Реми покраснел, подавляя желание начать оправдываться. Он не знал этого человека, а тот говорил о нем так, будто виделся с ним не меньше раза в неделю.

— Позволь представить тебе, Реми, — официально начал Мюжавинье, — Кантена Картье, моего давнего товарища по полкам. Куда ты, туда и я, да, Кантен?

Они засмеялись, и Реми поразился тому, насколько они похожи. Оба тощие, жилистые, высокие; у обоих брови кустистые, добрые, взгляд смеющийся, ласковый, заботливый. Впрочем, мальчик на собственном опыте знал, какими жесткими могут становиться эти мягкие глаза, если их обладатель столкнется с неповиновением. Однажды ему приспичило пробыть внизу чуть дольше обычного — он хотел увидеть, как один из кузнецов управится с раскаленным добела железным прутом, — и Мюжавинье отругал его. Говорил он неспешно, четко, как будто вколачивал в землю кол, а после замолчал, и его молчание длилось до тех пор, пока Реми не осознал своей ошибки и не повинился.

— Мы с твоим дядюшкой много провоевали, — усмехнулся Картье, и Реми даже не заметил перехода на «ты». — Если бы не это чертово Фонтенуа…

— Ты после меня тоже сумел попасть в лазарет, — добродушно оборвал его Мюжавинье. — Только вот почему не отыскал меня позже? Я слышал, ты вышел в отставку, женился, завел ребятишек…

— Однако, хорошие же у тебя источники информации, — слегка поклонился старик. — Все мои дети погибли. Осталась только Жизель, внучка. Так мы и живем, то она меня кормит, то я ее.

— Ты старше меня, верно, — пробормотал Мюжавинье. — Но я и не представлял, что ты способен на мирную жизнь. Ты всегда был бурей, Кантен. Помнишь нашего повара? Он всегда отставлял котел подальше, едва ты появлялся на горизонте.

— Я видел его недавно, — кивнул Картье. — Он теперь содержит небольшой трактирчик. Надо будет как-нибудь собраться всем вместе, вспомнить прошлое… Как ты на это смотришь?

— Ты же видишь! — притворно-ворчливо заговорил Мюжавинье. — Молодежь переложили на меня. Правда, нельзя сказать, что я отягощен этим. Напротив, мне даже приятно общество этого молодого человека.

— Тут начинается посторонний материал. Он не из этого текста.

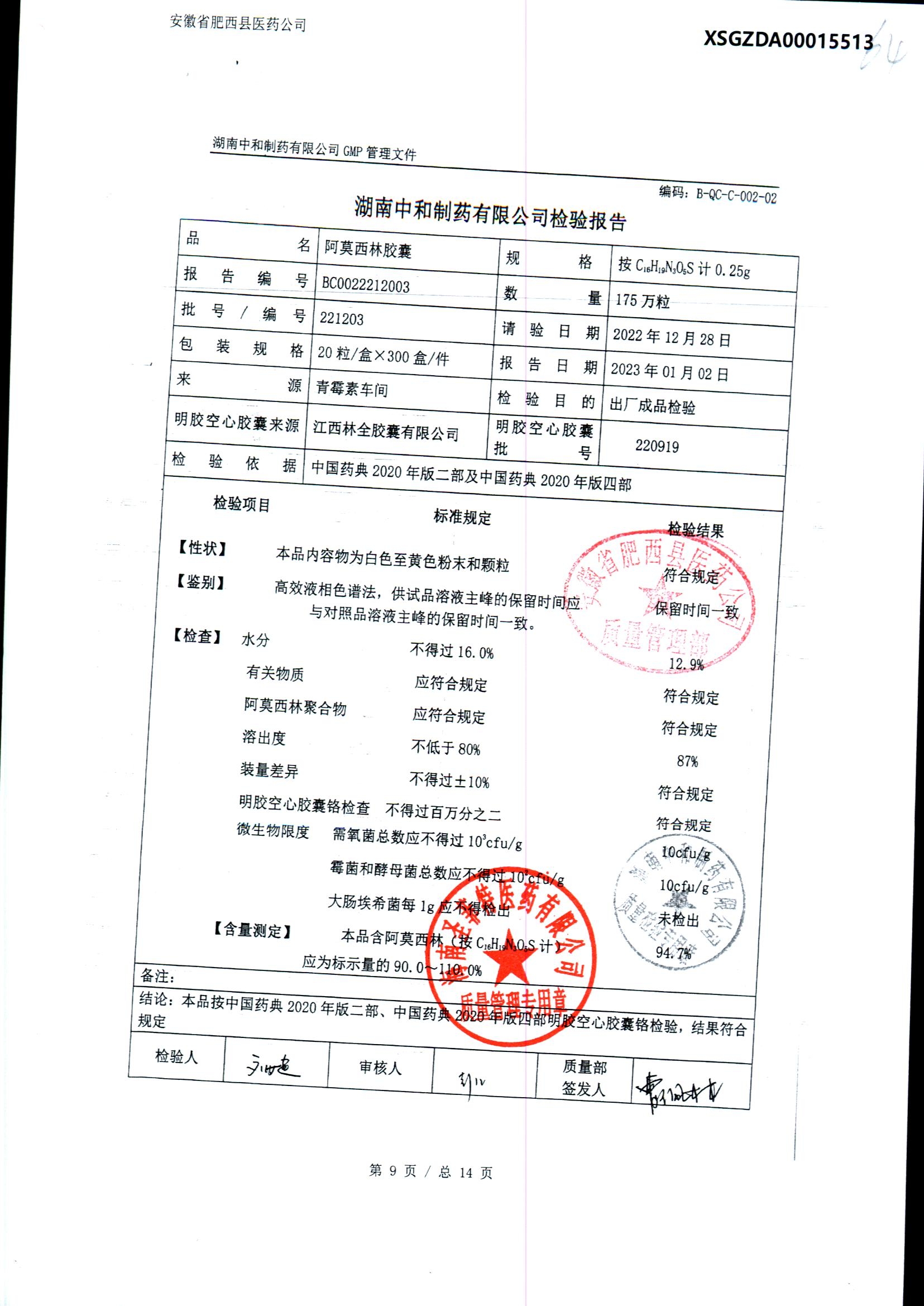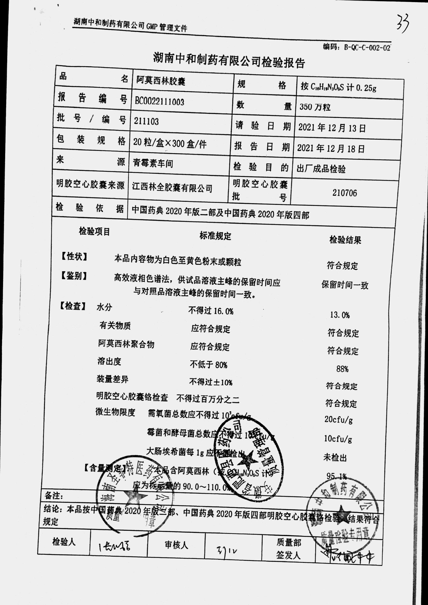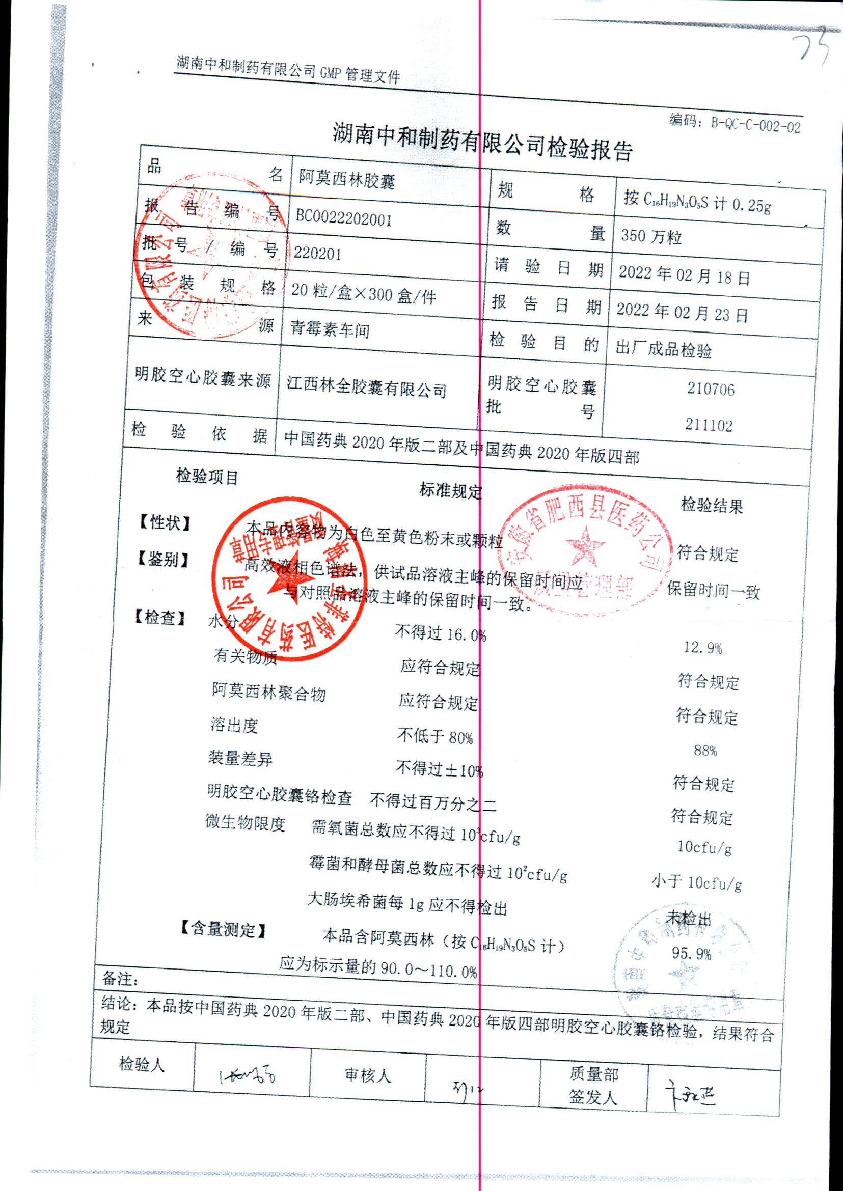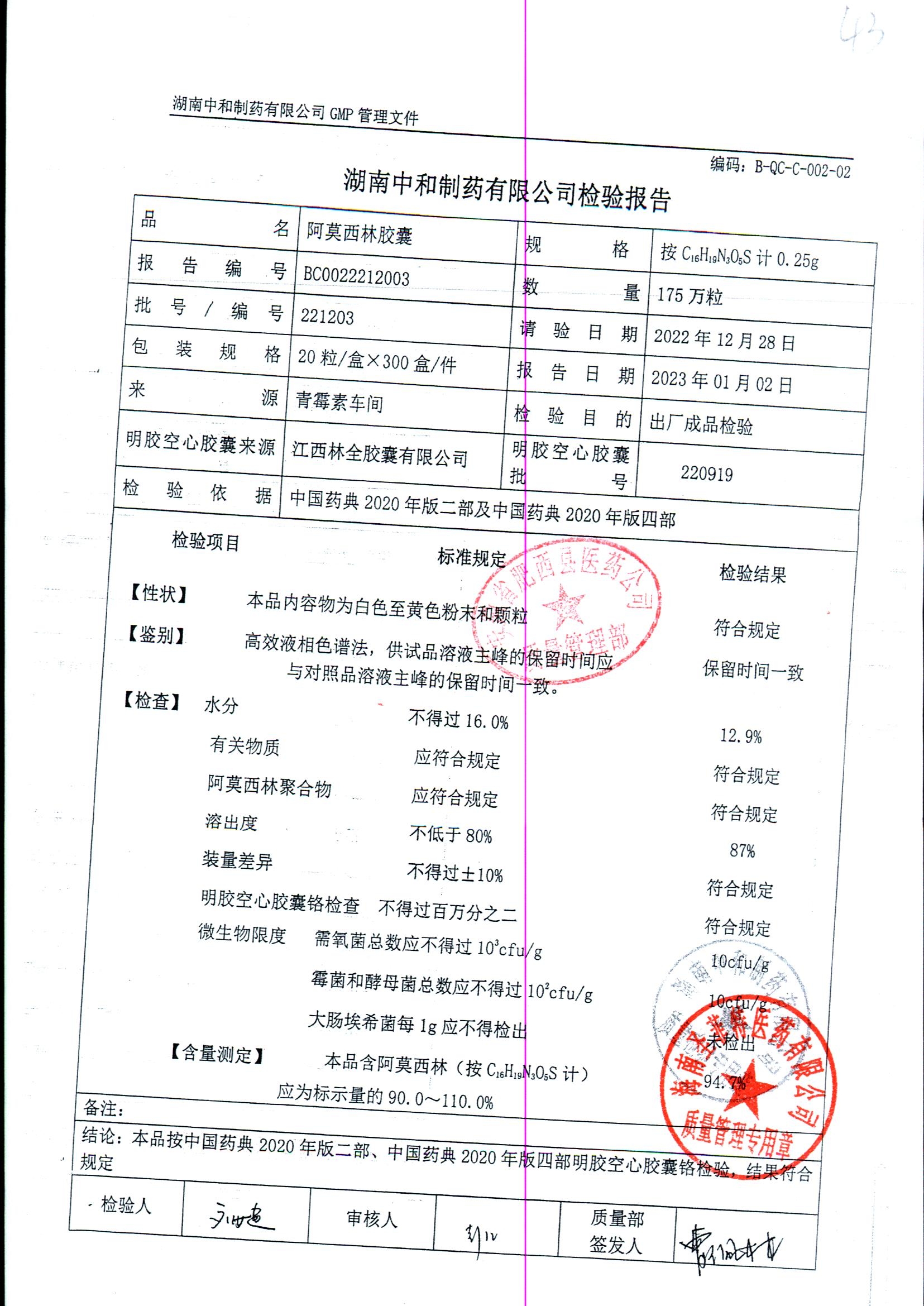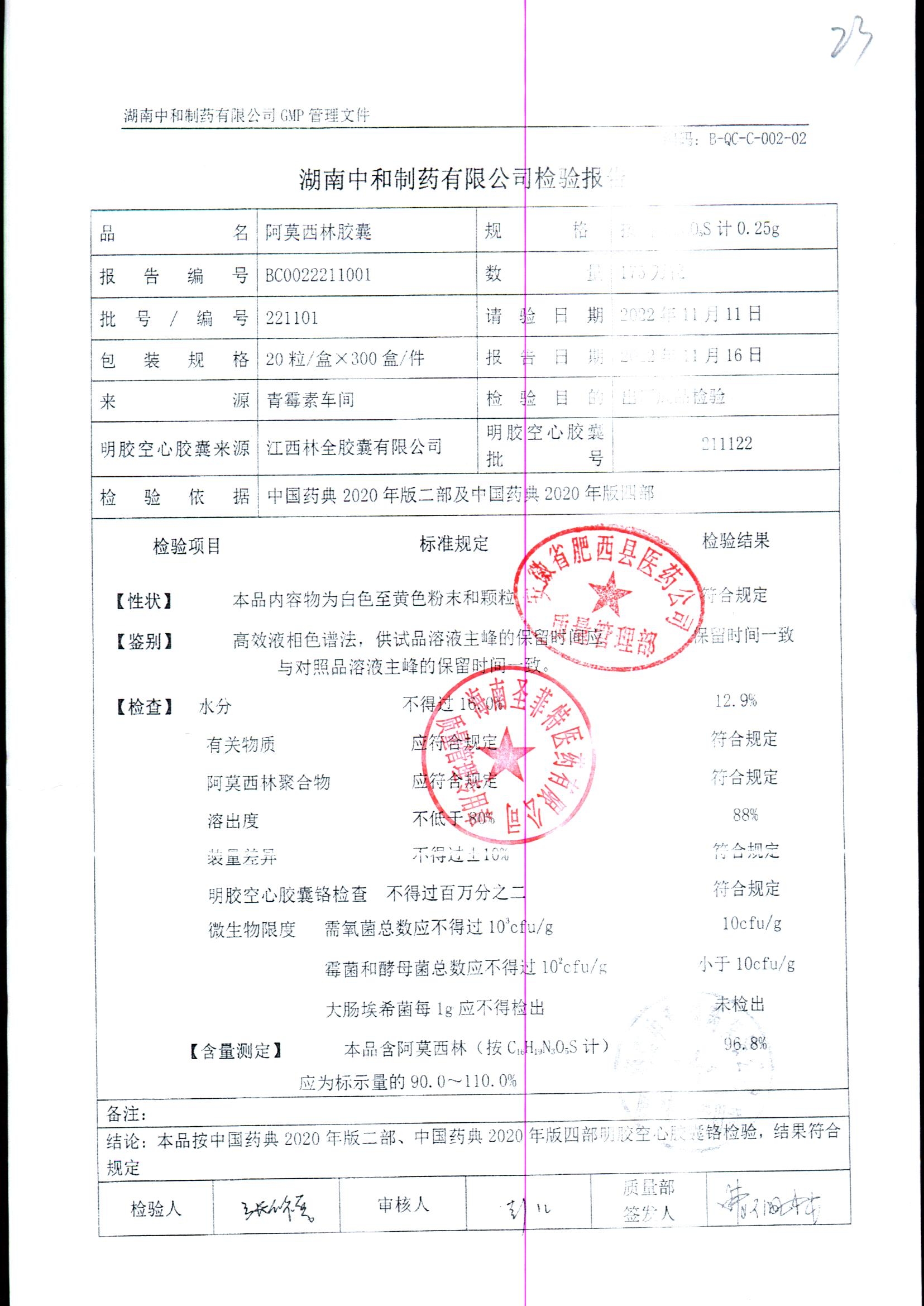 阿莫西林胶囊 | 0.25x20粒 | 221203/2 | 查看详情 |
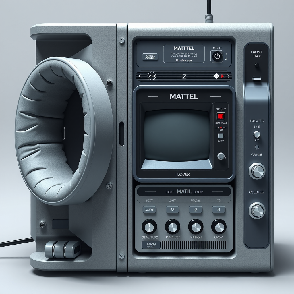 A front view of a strange medical device, on the left is of the device is an cylindrical opening lined with a padded material, the casing of the device is metallic and various buttons and a single CRT display on it, depicted in a photorealistic style. The style of the machine is a retro fusturistic style and boxy

"Молодой человек" удивленно уставился на дядю: тот никогда не позволял себе выказывать что-то при посторонних. Хотя… Если учесть, что он с господином Картье воевали вместе, прошли через то, что по определению объединяет, то старик, верно, уже не является посторонним. Реми несмело улыбнулся в ответ и был поражен реакцией приятелей: оба ответили ему такими же чистосердечными улыбками, не шедшими ни в какое сравнение с жеманными ухмылками светских львов двора. Придворные часто приезжали к маркизу, и мальчик так или иначе видел их, их манеру общения, и она совершенно не нравилась ему. А дядя, открытый, раскрепощенный, разительно отличался от всех этих маркизов, графов, виконтов, что смотрели на Реми всегда немного свысока.

— Вы с моими прежними знакомыми совершенно разные люди, — прямо сказал мальчик. Эта фраза позволяет судить, насколько он переменился за эти два месяца. Приятели взглянули друг на друга и согнулись пополам от неудержимого хохота. Внезапно Картье остановился.

— Мы третье сословие, — жестко сказал он. — Конечно, мы отличаемся от твоего окружения. Это ведь дворянство! А мы чернь.

И такое лицо у него сделалось, когда он употребил это слово, которым пренебрежительно называли третье сословие привилегированные, что Реми стало страшно. Казалось, этот старик даже увеличился в размерах от негодования. Никто из представителей народа не терпел такого названия. Стоило произнести половину этого слова, и вы уже нажили себе немало врагов среди народа. Третье сословие отнюдь не собиралось до конца дней своих оставаться «ничем», как сказал мудрый аббат Сийес.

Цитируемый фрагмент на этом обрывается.